One key parameter that determines the future prevalence of drug resistant TB is the relative fitness of drug resistant *Mtb* strains as compared to drug susceptible *Mtb* strains [4-7]. Fitness is a complex, environment-dependent trait that can be defined as the ability of a pathogen to survive, reproduce, be transmitted and cause secondary cases of disease. These abilities are affected by multiple environmental factors such as a host’s genetics, the current TB treatment regimen and other risk factors for transmission, which are all time-varying. The importance of this parameter has been highlighted by several mathematical models which show how even small changes in its value can predict widely varying future levels of MDR-TB burden [4-6, 8, 9]. Thus, gaining environment dependent, accurate estimates of fitness is of critical importance.

Within *Mtb*, it has been shown that the appearance of drug resistance mutations affects fitness [10-12]. These previous studies have shown that resistant *Mtb* is, usually, less fit than susceptible *Mtb* under a range of fitness definitions: either by demonstrating a lower growth rate *in vitro* (e.g. [13]), less progression to disease after inoculation in guinea pigs (e.g. [14]) or a lower chance of causing secondary cases of disease (e.g. [12, 15]). The latter definition is important for epidemiological predictions of burden, whilst the first provides the potential underlying biological cause. The epidemiological fitness of a *Mtb* strain can be split into an ability to (1) cause secondary infections (transmission) and (2) cause subsequent active disease (progression). For example, resistant *Mtb* may be transmitted equally as well, but subsequent disease rates in those infected may be lower or less severe. For *Mtb* this split is especially pertinent due to the importance of the latent, non-infectious, stage of disease.

Also highly important for *Mtb* is the spatial location of transmission [16]. Few studies have considered the critical influence of household structure on transmission of *Mtb*. To our knowledge, no studies have considered the spread of drug-resistant tuberculosis in the context of a household-structured stochastic mathematical model.

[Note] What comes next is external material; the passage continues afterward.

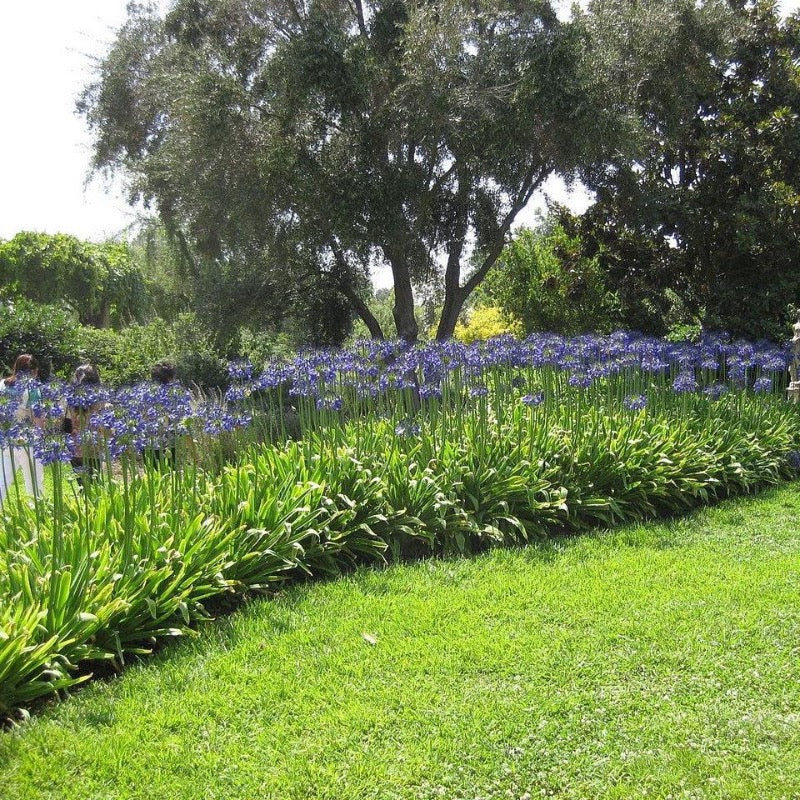 Agapanthus Storm Cloud is a compact long-blooming perennial with green strap-like foliage that develops a red tint in fall. Loose global clusters of large deep violet-blue tubular flowers that bloom on tall stalks above the leaves throughout summer. Agapanthus Storm Cloud flowers best when pot-bound and consistently moist. Agapanthus Storm Cloud is disease and pest resistant, and drought tolerant once established.

The difference in definitions of fitness and corresponding experimental data makes translation from data analysis to predictive mathematical modelling difficult. Here, we tackle this problem by fitting a mathematical model to a detailed data set on the transmission of *Mtb* strains collected in a large cohort study of households undertaken in Lima, Peru between 2010 and 2013 [17]. We derive estimates of fitness in this specific setting with different fitness definitions (either effects on transmission and/or progression to disease) and test the robustness of these estimates under a range of assumptions. These parameters will allow for better predictions of future MDR-TB levels and an improved understanding of MDR-TB spread.

## Methods

### Data

The details of the study and participants can be found in [17]. Briefly, 213 and 487 households were recruited with an index case of diagnosed MDR- or DS-TB respectively during 2010 to 2013. Households were followed up for variable periods of time up to a maximum of 3 years (Figure S1). During the study households were visited every 6 months, and household contacts were monitored for TB disease. It was found that 35/1055 (3.32%, 95% CI [2.32, .4.58]), of the MDR-TB contacts, and 114/2356 (4.84%, 95% CI [4.01, 5.78]), of the DS-TB contacts developed TB disease, suggesting that DS-TB has higher fitness. There were no significant differences between cohorts by HIV status, age, gender or household size [17].

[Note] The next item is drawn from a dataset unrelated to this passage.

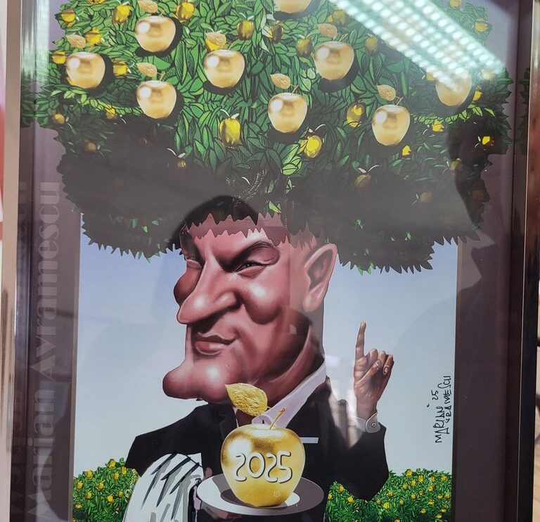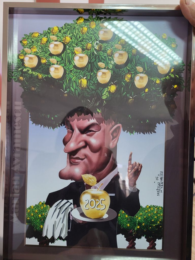 Președintele juriului de la Concursul internațional de grafică satirică, Marian Avramescu, i-a pregătit primarului Gabriel Lazany o caricatură.

The specific data used to calibrate the model was 1) the incidence of MDR-TB and 2) DS-TB in households with an index DS-TB case and 3) the incidence of MDR-TB and 4) DS-TB in households with an index MDR-TB case (Table 1). The percentages of incident cases with resistance profiles matching the index was used to multiply the incidence levels accordingly.

### Model structure

The mathematical model was a standard two-strain dynamic TB model (Figure 1), with transmission modelled at the level of the household. A Gillespie stochastic simulation algorithm in *R* [18] was developed using the R package “GillespieSSA” [19]. Using a stochastic transmission model was important as the model was implemented independently in households where the small populations mean stochastic effects are highly important. We assumed that saturation of transmission could occur and hence scaled our transmission rate by the size of the household (number of people), assuming households have the same ventilation level (or at least that this did not vary by index case *Mtb* resistance status) and within-household homogeneous mixing [20]. This assumption of frequency-dependent transmission means that in households with more people, household members are assumed to have lower individual chance of infection from an active disease case than in smaller households, due to decreased exposure. This has been observed for another airborne pathogen, influenza [21] and was explored in sensitivity analysis where we also considered density-dependent transmission. All natural history parameters were taken from the literature, are listed in Table 2 and the dynamics explained in the legend to Figure 1.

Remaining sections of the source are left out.